Each line below from the line with "Hier ist kein" to the line with "Diakonille lahjoitus 031220" must be copied exactly, including those two, and no picture may appear in the copy.
======== DATA FOR THIS EXERCISE ========
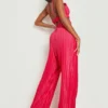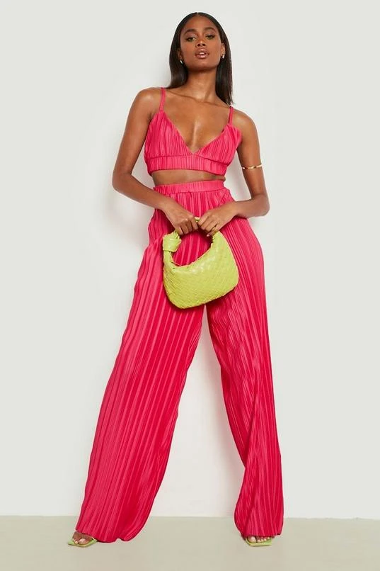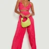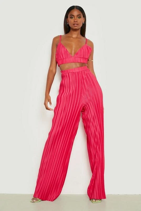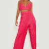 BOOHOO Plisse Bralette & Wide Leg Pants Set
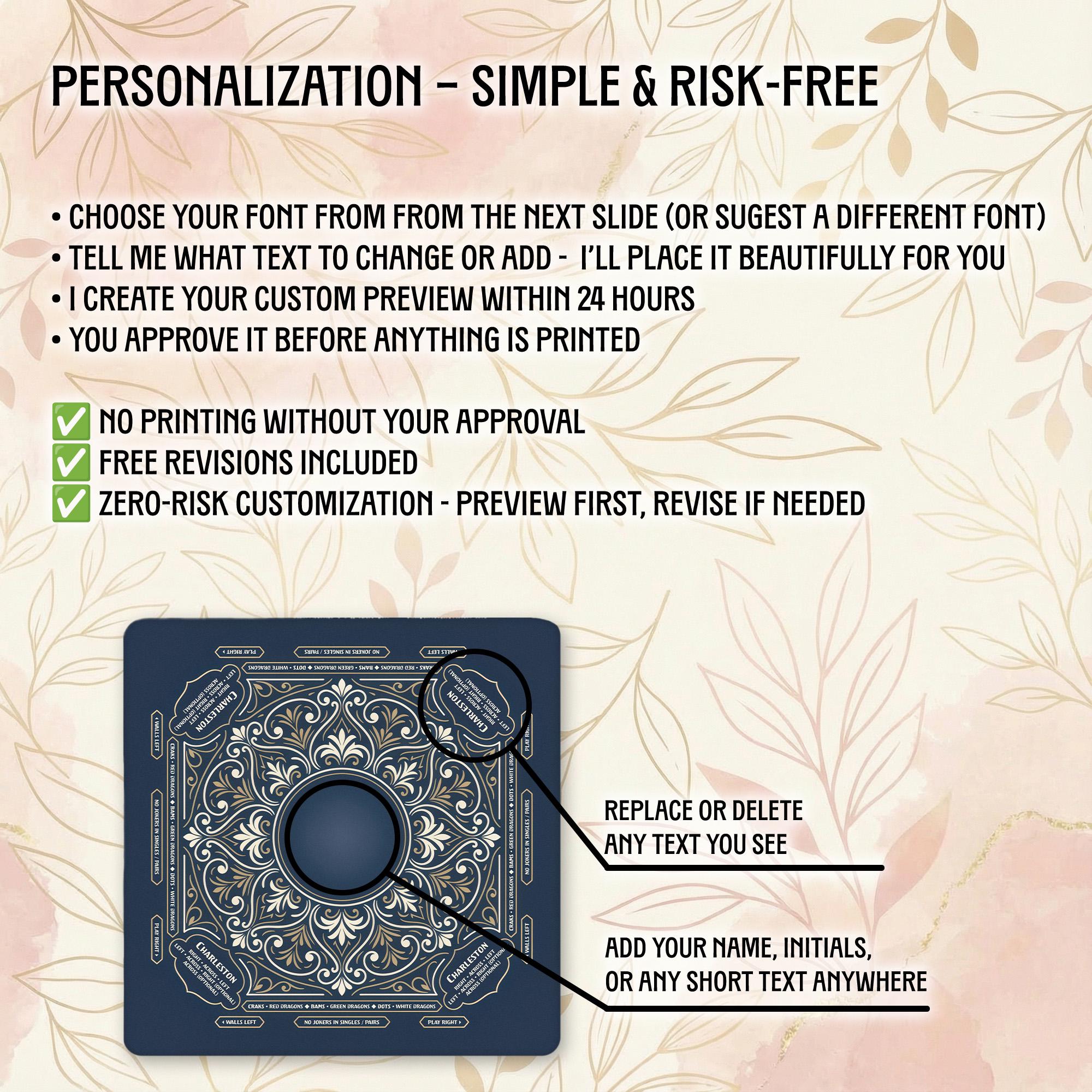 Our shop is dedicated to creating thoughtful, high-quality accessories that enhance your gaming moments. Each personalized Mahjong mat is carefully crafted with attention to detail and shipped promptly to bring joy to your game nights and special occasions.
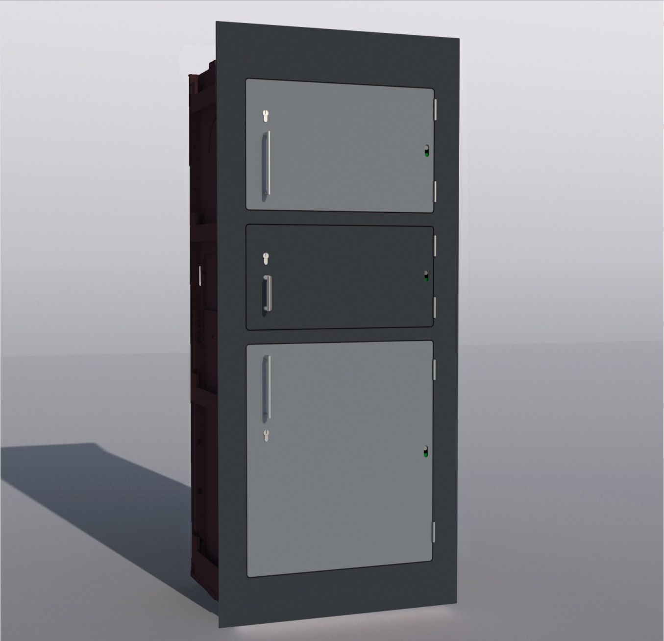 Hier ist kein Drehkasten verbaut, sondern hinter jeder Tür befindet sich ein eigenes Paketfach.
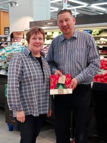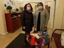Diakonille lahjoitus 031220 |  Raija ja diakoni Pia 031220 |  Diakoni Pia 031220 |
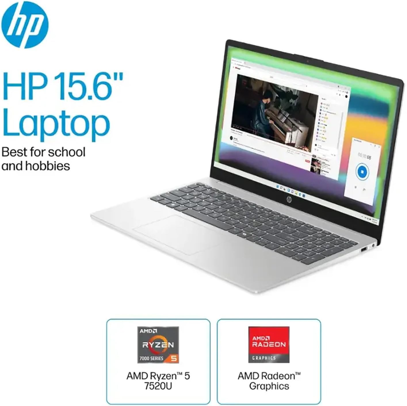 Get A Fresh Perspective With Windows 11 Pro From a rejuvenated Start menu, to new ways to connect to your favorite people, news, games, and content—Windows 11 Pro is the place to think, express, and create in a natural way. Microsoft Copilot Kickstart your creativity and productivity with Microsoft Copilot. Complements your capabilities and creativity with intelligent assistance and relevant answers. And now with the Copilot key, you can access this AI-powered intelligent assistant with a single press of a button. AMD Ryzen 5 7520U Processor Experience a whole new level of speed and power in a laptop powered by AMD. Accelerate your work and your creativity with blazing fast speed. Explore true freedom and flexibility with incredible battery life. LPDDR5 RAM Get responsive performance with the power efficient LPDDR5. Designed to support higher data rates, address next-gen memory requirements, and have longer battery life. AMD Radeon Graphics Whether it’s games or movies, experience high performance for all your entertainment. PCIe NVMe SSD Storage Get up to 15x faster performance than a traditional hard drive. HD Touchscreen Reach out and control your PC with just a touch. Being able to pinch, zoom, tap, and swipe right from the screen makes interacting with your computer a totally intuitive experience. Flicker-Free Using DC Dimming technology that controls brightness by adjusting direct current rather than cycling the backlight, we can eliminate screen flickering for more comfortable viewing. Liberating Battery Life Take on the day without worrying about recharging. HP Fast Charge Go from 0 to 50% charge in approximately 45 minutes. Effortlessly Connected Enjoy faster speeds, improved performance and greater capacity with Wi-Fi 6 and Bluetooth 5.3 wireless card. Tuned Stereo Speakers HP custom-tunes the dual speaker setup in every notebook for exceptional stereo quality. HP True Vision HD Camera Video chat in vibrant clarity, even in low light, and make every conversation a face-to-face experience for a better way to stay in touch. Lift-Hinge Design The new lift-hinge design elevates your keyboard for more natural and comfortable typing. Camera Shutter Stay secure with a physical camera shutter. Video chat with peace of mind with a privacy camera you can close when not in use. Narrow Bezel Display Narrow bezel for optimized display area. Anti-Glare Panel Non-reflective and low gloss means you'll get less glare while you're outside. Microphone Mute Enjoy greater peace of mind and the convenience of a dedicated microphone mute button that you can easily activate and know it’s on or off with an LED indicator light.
========
◆ TASK OUTPUT:
 Hier ist kein Drehkasten verbaut, sondern hinter jeder Tür befindet sich ein eigenes Paketfach.
Diakonille lahjoitus 031220 |  Raija ja diakoni Pia 031220 |  Diakoni Pia 031220 |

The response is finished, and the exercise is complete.